* YOUR OBJECTIVE *
The listing below is to be written out word for word, minus its images.

* EXERCISE DATA *
--------------------------------------------------
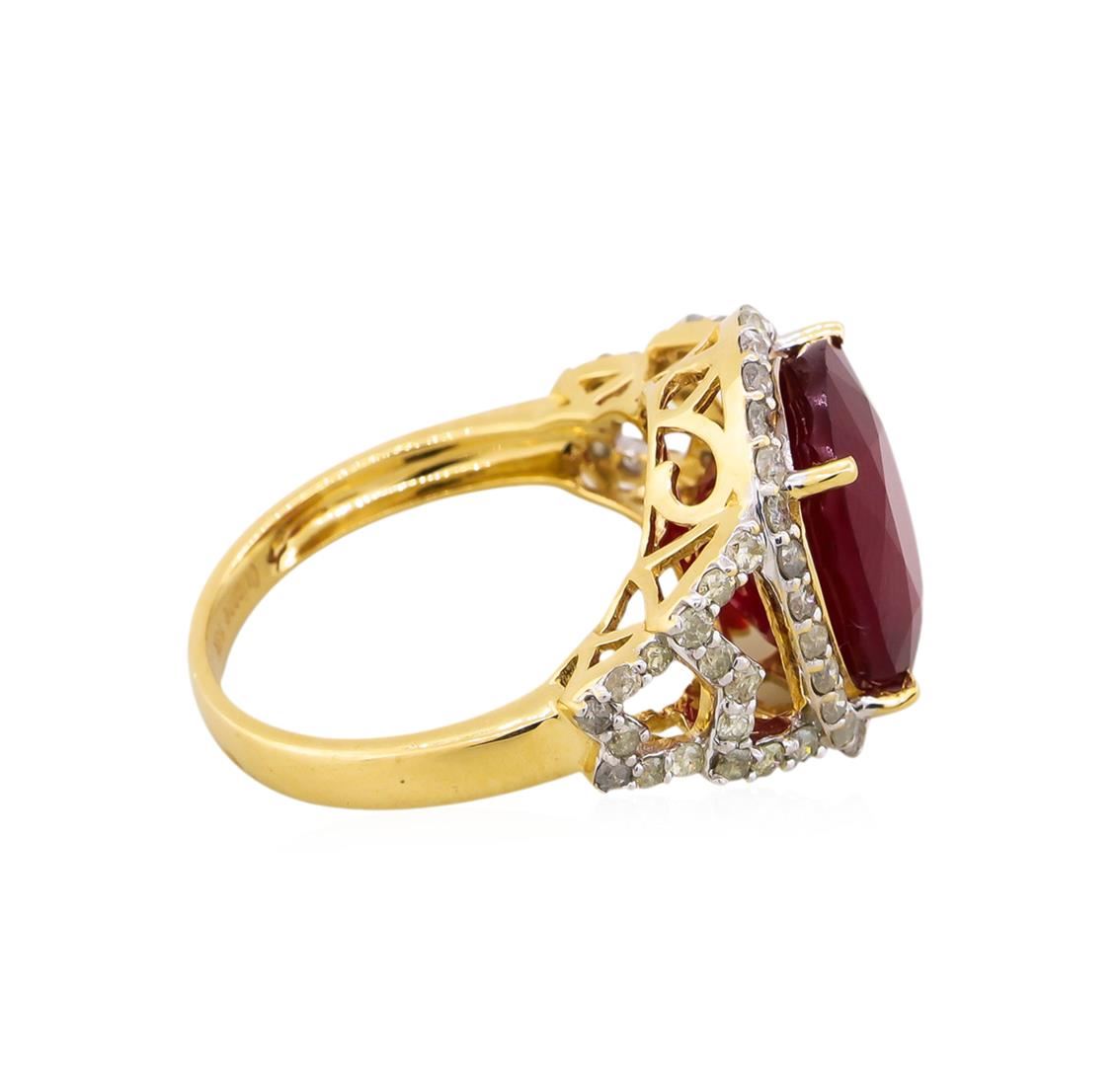 One electronically tested 14KT yellow gold ladies cast ruby and diamond ring. The featured ruby is set within a diamond bezel supported by an elaborate lattice under gallery and stylized diamond set shoulders, completed by a two millimeter wide band. Bright polish finish with rhodium accents. Trademark is Orianne. Identified with markings of "14K". Condition is new, good workmanship. Containing: One prong set oval mixed cut natural ruby approximate weight of 9.99ct., clarity is heavily included, type II, medium dark, very slightly brownish, slightly purplish red color, (GIA slpR 6/3), cut is good. Transmitting light somewhat diffusely, transparent to translucent. Naturally occurring internal & external characteristics are present. Indications of laboratory high temperature heat treatment, with glass & flux additives. Graded in the setting. Ruby has a low tolerance to rhodium plating, repolishing the surface, & ultrasonic cleaning.Sixty prong set round brilliant cut diamonds approximate. Total Weight of 60 Stones = 0.87ct. Graded in the setting. Clarity: I-1 to I-3. Color: I - K. Total Weight of Colored Stones 9.99ct. Total Weight of Diamonds 0.87ct. Total Weight of Ring 5.91gm. AIG Appraised at $4,195.00.
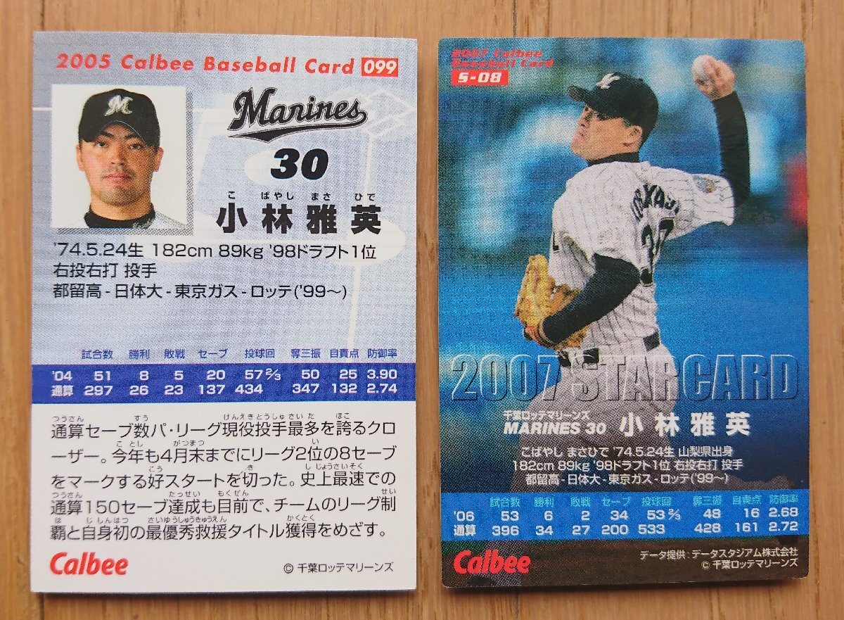 【カード・カルビー】小林雅英 2005年099 / 2007年S-08 スターカード 計2枚セット 千葉ロッテマリーンズ カルビープロ野球チップス
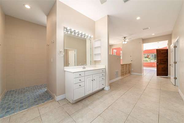- Built-In Features, Cathedral Ceiling(s), Eat-In Kitchen, High Ceilings, Open Floorplan, Primary Bedroom Main Floor, Solid Surface Counters, Solid Wood Cabinets, Split Bedroom, Walk-In Closet(s)
--------------------------------------------------
* RESPONSE AREA *
 One electronically tested 14KT yellow gold ladies cast ruby and diamond ring. The featured ruby is set within a diamond bezel supported by an elaborate lattice under gallery and stylized diamond set shoulders, completed by a two millimeter wide band. Bright polish finish with rhodium accents. Trademark is Orianne. Identified with markings of "14K". Condition is new, good workmanship. Containing: One prong set oval mixed cut natural ruby approximate weight of 9.99ct., clarity is heavily included, type II, medium dark, very slightly brownish, slightly purplish red color, (GIA slpR 6/3), cut is good. Transmitting light somewhat diffusely, transparent to translucent. Naturally occurring internal & external characteristics are present. Indications of laboratory high temperature heat treatment, with glass & flux additives. Graded in the setting. Ruby has a low tolerance to rhodium plating, repolishing the surface, & ultrasonic cleaning.Sixty prong set round brilliant cut diamonds approximate. Total Weight of 60 Stones = 0.87ct. Graded in the setting. Clarity: I-1 to I-3. Color: I - K. Total Weight of Colored Stones 9.99ct. Total Weight of Diamonds 0.87ct. Total Weight of Ring 5.91gm. AIG Appraised at $4,195.00.
 【カード・カルビー】小林雅英 2005年099 / 2007年S-08 スターカード 計2枚セット 千葉ロッテマリーンズ カルビープロ野球チップス
- Built-In Features, Cathedral Ceiling(s), Eat-In Kitchen, High Ceilings, Open Floorplan, Primary Bedroom Main Floor, Solid Surface Counters, Solid Wood Cabinets, Split Bedroom, Walk-In Closet(s)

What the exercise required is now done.